AECI is a generation and transmission cooperative and is classified as an “unregulated transmitting utility” without a tariff on file at FERC. TVA serves as the NERC-registered reliability coordinator for AECI’s balancing authority and MISO and SPP neighbor the cooperative’s transmission system.

FERC found MISO had not treated Tenaska in an unduly discriminatory manner, noting the company did not present any evidence that MISO has curtailed the wind farm. It also pointed out that the project is not located in MISO’s footprint; that Tenaska does not take transmission service from MISO for the project; and that MISO determined that no affected system network upgrades were required for the facility to operate.

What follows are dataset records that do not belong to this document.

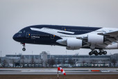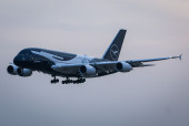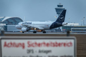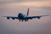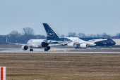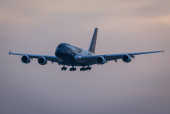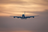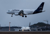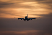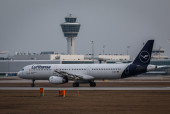 Flugbetrieb am Flughafen Muenchen waehrend Sonnenuntergang, Aviation, Luftfahrt, Munich Airport, Flugesellschaften, Airlines, Transportation, Tourism, Luftverkehr, Erdinger Moos, Munich, Muenchen, 08.03.2026
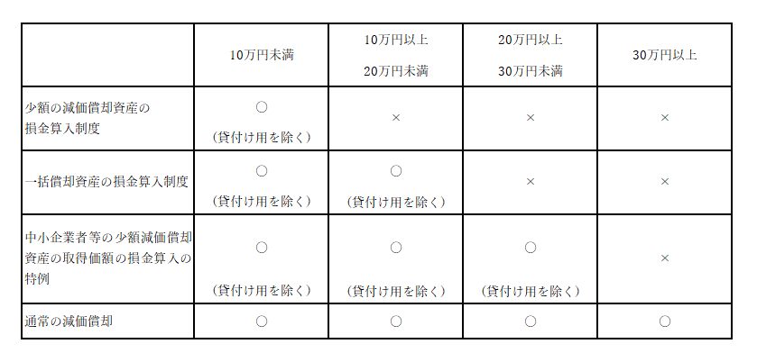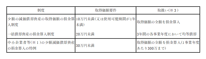 減価償却資産を取得した場合、通常は耐用年数に基づいた償却計算により損金算入が行われるが、少額資産については短期的に損金算入を認める制度が設けられています。
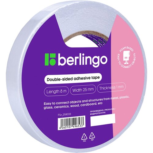 Клейкая лента двусторонняя Berlingo, 25мм*8м, на вспененной основе, 1мм
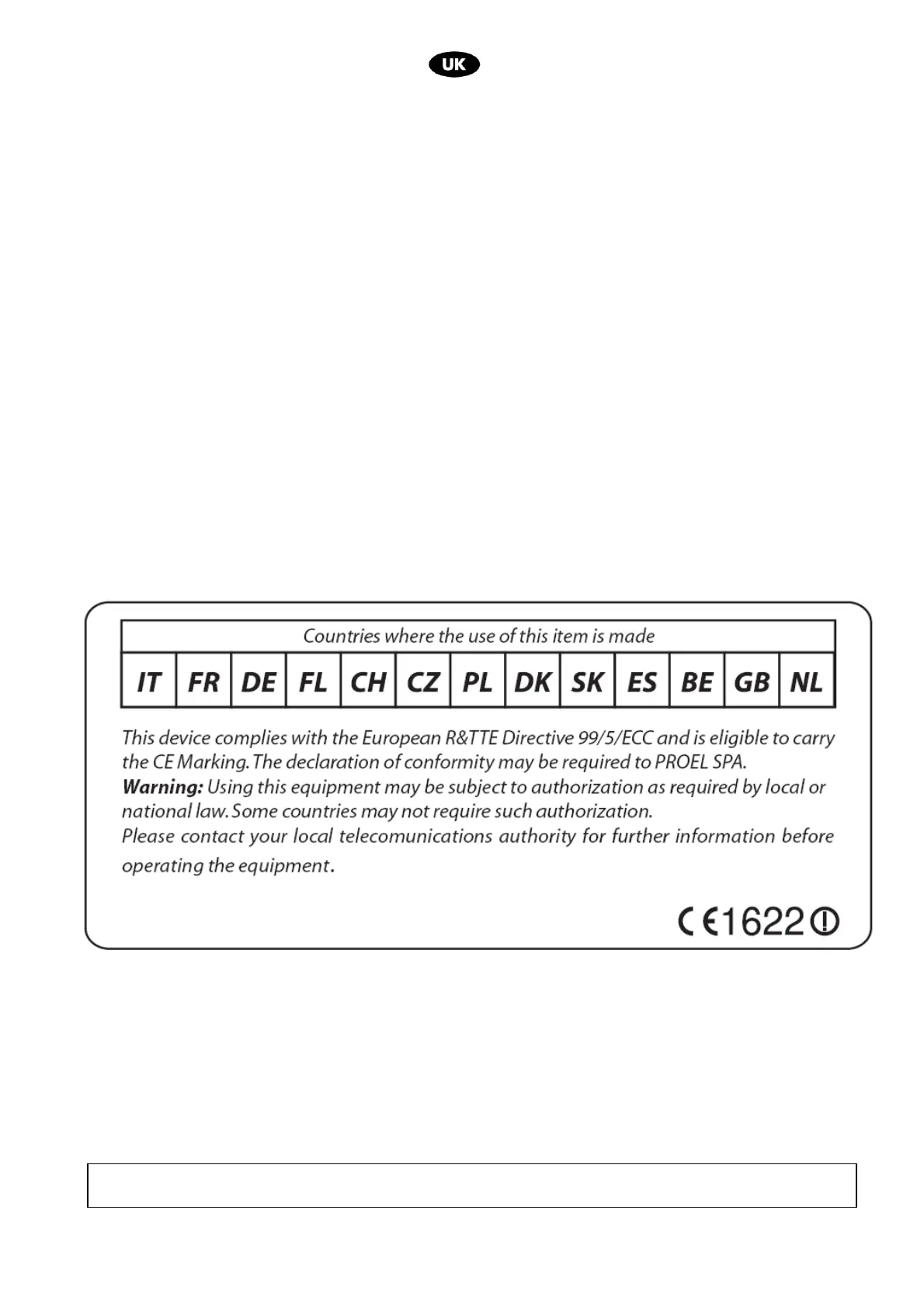 classification and application, and on the selected frequency. Proel strongly urges the user to contact the appropriate
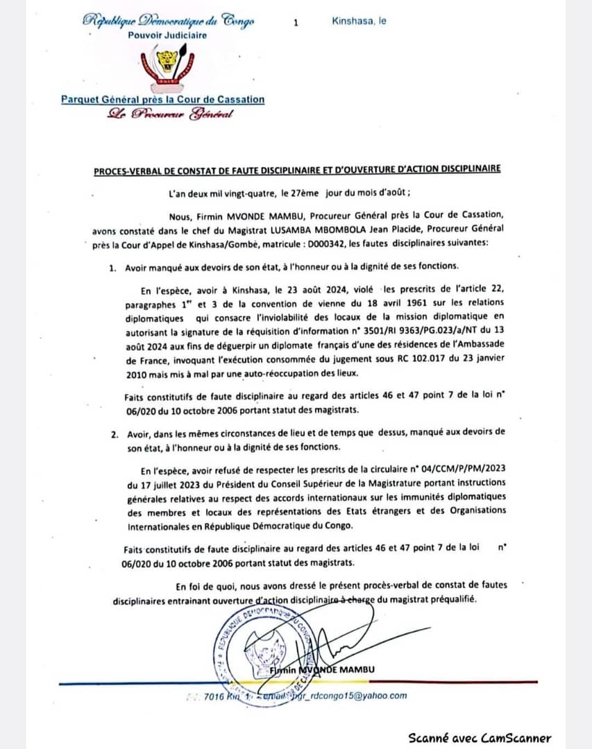 PROCES VERBAL DE CONSTANT DE FAUTE DISCIPLINAIRE A CHARGE DU MAGISTRAT LUSAMBA MBOMBOLA JEAN PLACIDE, PROCUREUR GENERAL PRES LA COUR D’APPEL DE KINSHASA/GOMBE, MATRICULE : D000342
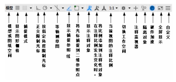默认情况下,不会显示所有工具,可以通过状态栏上最右侧的按钮,选择要从“自定义”菜单显示的工具。状态栏上显示的工具可能会发生变化,具体取决于当前的工作空间以及当前显示的是“模型”选项卡还是布局选项卡。下面对部分状态栏上的按钮做简单介绍,如图1-6所示。
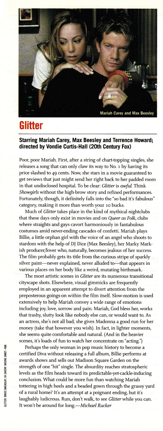 Much of Glitter takes place in the kind of mythical nightclubs that only exist in movies and on Queer as Folk; clubs where straights and gays cavort harmoniously in fantabulous costumes amid never-ending cascades of confetti. Mariah plays Billie, a little orphan girl with the voice of an angel who shoots to stardom with the help of DJ Dice (Max Beesley), her Marky Mark-ish producer/lover who, naturally, becomes jealous of her success. The film probably gets its title from the curious stripe of sparkly silver paint – never explained, never alluded to – that appears in various places on her body like a weird, mutating birthmark.
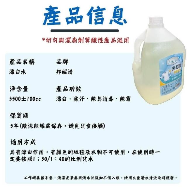 邦妮清 漂白水 3500ML 大容量 次氯酸水 去污劑 頑垢去除 洗衣神器 清潔漂白水 3.5kg 環境清潔
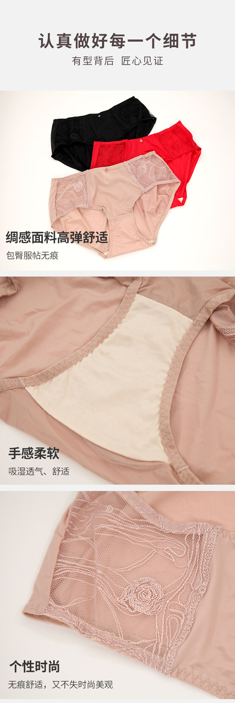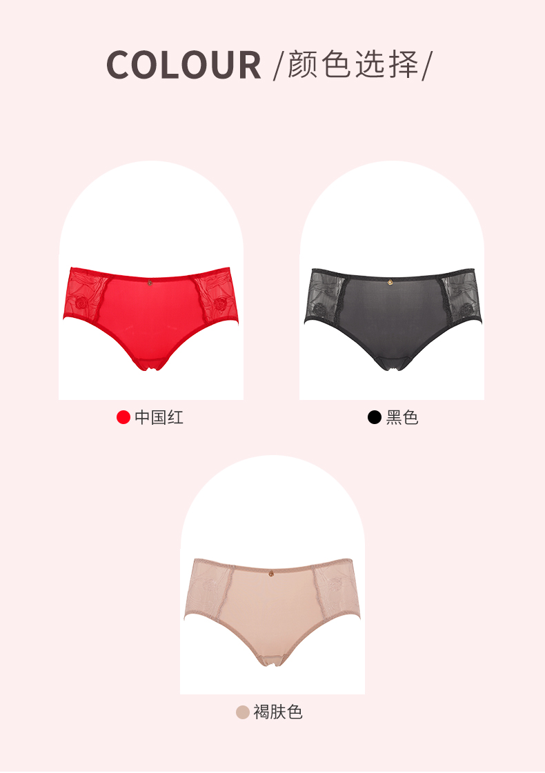 贝佳人新品中腰红色本命年包臀无痕内裤绸感面料平角裤高弹舒适
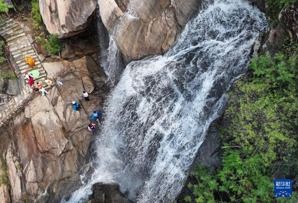 7月10日,游客在江苏省连云港市连云区宿城街道东崖屋村游玩(无人机照片)。
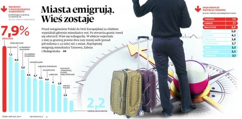 Emigracja miast to też po części efekt statystyczny (są one liczniejsze, mieszka w nich więcej Polaków niż na wsi – ponad 60 proc.).
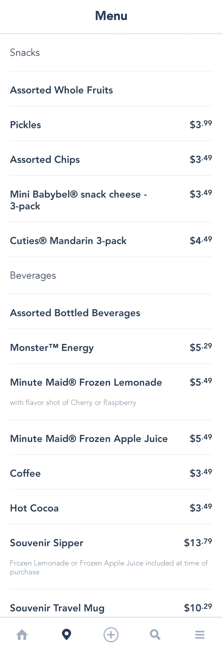 Fantasyland Fruit Cart Snack Menu - September 2021
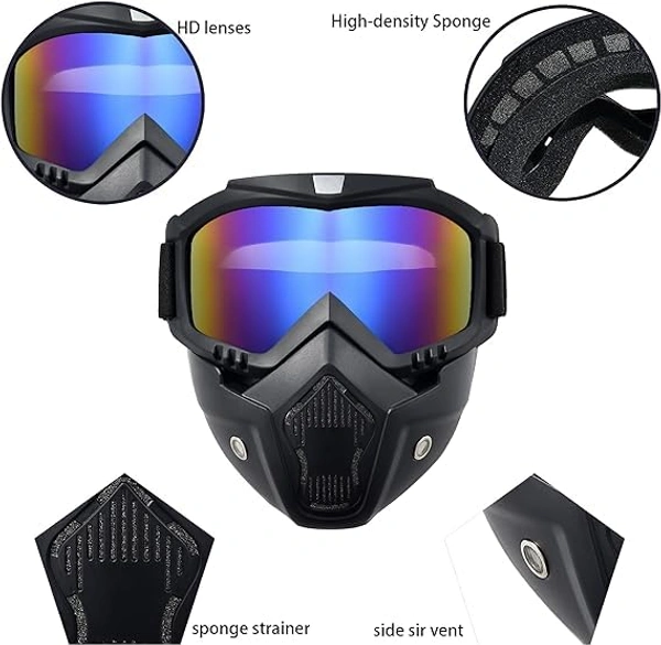 MirgIndia Face Mask Helmet Motorcycle Goggle mask Anti Scratch UV Protective Face Mask, Impact & Wind Resistant Cycling Mask, Adjustable Elastic Strap Goggles Mask for Helmet - Rainbow Visor (Pack of 1) About this item :- Frame Material: TPU super toughness, any kneading, not easy to break, soft and lightweight. Lens material: Polycarbonate, effective wear-resistant, anti-scratch, excellent all-weather anti-ultraviolet performance, blocking the damage of light to the eyes and preventing wind and dust. Sponge: High-density comfort sponge that effectively cushions facial pressure, with padding on the outer edge to keep your face comfortable and safe. Removable goggle mask :Detachable masks and goggles are used separately to match your other helmets and masks. Breathable :The breathable mouth filter and holes have good airflow avoid direct contact between mouth and mask,effectively exclude the hazardous material. Ajustable non-slip strap:cotton high elastic band, which can freely adjust the length. The non-slip strap fits any size of head, providing a comfortable wearing experience and well protection. MULTI-PURPOSE: Suitable for outdoor sports such as cycling, motorcycle, horse riding, snowmobiling, skiing, rock climbing, airsoft, paintball, jungle CF games, etc. It is a great gift for friends or family. *Thanks for connecting (Mirgindia)* Thanks so much. Shopping with Mirgindia karolbagh Delhi. *Note - China के मॉल में किसी भी प्रकार की कोई गारंटी / वारंटी नहीं होती ( चले तो चांद तक ना चले तो शाम तक )* *Only Wholesale | Good Quality Product & Long Life* *Sorry For in our Policy 🙏 | No Guarantee | No Warranty | No Return | No Refund | No Exchange 💱 |* *।। धन्यवाद ।।*

The commission ruled SPP, AECI and TVA had not treated Tenaska unreasonably, although their collective actions did result in the Clear Creek project’s curtailment. However, according to the SPP-AECI joint operating agreement and SPP’s tariff, the wind farm is subject to limited operation until SPP can complete network upgrades on its system.

“Therefore, such curtailment is permissible to manage congestion and ensure the reliable operation of the transmission system,” the commissioners wrote.

FERC noted Tenaska’s facility is subject to limited operation because it entered commercial operation before SPP was able to complete the necessary network upgrades on its system. Because of that, the commission found Tenaska is “differently situated from other interconnection customers who are not subject to limited operation.”

The commission also disagreed with Tenaska’s argument that SPP should be required to file its operating guides with FERC. It said SPP’s operating guides are the mechanism by which the Tenaska facility’s limited operation was set and do not significantly affect rates, terms or conditions of service. FERC upheld SPP’s and AECI’s request to not publicly release the guides.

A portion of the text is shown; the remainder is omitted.